# WHAT YOU SHOULD DO:
Produce as output only the lines below starting at the line with "Ninety reasons to" and continuing through the line with "2024 Nueva Camisa", each one exactly as written.

# INPUT MATERIAL:
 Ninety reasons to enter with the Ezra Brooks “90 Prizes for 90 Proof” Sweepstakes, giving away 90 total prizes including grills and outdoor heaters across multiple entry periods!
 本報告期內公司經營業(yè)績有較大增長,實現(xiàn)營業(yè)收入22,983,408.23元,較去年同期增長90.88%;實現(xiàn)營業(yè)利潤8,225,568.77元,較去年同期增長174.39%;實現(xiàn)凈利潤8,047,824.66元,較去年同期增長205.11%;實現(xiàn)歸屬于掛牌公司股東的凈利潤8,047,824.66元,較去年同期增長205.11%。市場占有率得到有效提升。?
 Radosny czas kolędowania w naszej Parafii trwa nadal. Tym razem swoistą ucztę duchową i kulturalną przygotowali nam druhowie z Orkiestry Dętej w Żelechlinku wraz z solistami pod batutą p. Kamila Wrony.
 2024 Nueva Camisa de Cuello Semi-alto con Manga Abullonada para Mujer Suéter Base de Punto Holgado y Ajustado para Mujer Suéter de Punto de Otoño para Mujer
---
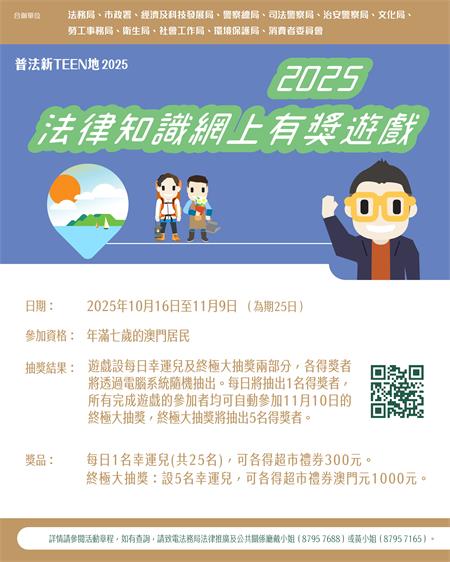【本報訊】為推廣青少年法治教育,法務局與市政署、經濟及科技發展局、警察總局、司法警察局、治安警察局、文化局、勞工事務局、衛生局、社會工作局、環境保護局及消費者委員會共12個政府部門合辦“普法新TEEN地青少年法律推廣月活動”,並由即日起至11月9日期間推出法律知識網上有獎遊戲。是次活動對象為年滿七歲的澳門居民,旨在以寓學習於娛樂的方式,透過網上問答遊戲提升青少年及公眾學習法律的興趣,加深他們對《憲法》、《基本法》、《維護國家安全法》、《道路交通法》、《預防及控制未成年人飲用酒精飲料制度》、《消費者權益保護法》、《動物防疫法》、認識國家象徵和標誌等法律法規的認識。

# YOUR SOLUTION:
 Ninety reasons to enter with the Ezra Brooks “90 Prizes for 90 Proof” Sweepstakes, giving away 90 total prizes including grills and outdoor heaters across multiple entry periods!
 本報告期內公司經營業(yè)績有較大增長,實現(xiàn)營業(yè)收入22,983,408.23元,較去年同期增長90.88%;實現(xiàn)營業(yè)利潤8,225,568.77元,較去年同期增長174.39%;實現(xiàn)凈利潤8,047,824.66元,較去年同期增長205.11%;實現(xiàn)歸屬于掛牌公司股東的凈利潤8,047,824.66元,較去年同期增長205.11%。市場占有率得到有效提升。?
 Radosny czas kolędowania w naszej Parafii trwa nadal. Tym razem swoistą ucztę duchową i kulturalną przygotowali nam druhowie z Orkiestry Dętej w Żelechlinku wraz z solistami pod batutą p. Kamila Wrony.
 2024 Nueva Camisa de Cuello Semi-alto con Manga Abullonada para Mujer Suéter Base de Punto Holgado y Ajustado para Mujer Suéter de Punto de Otoño para Mujer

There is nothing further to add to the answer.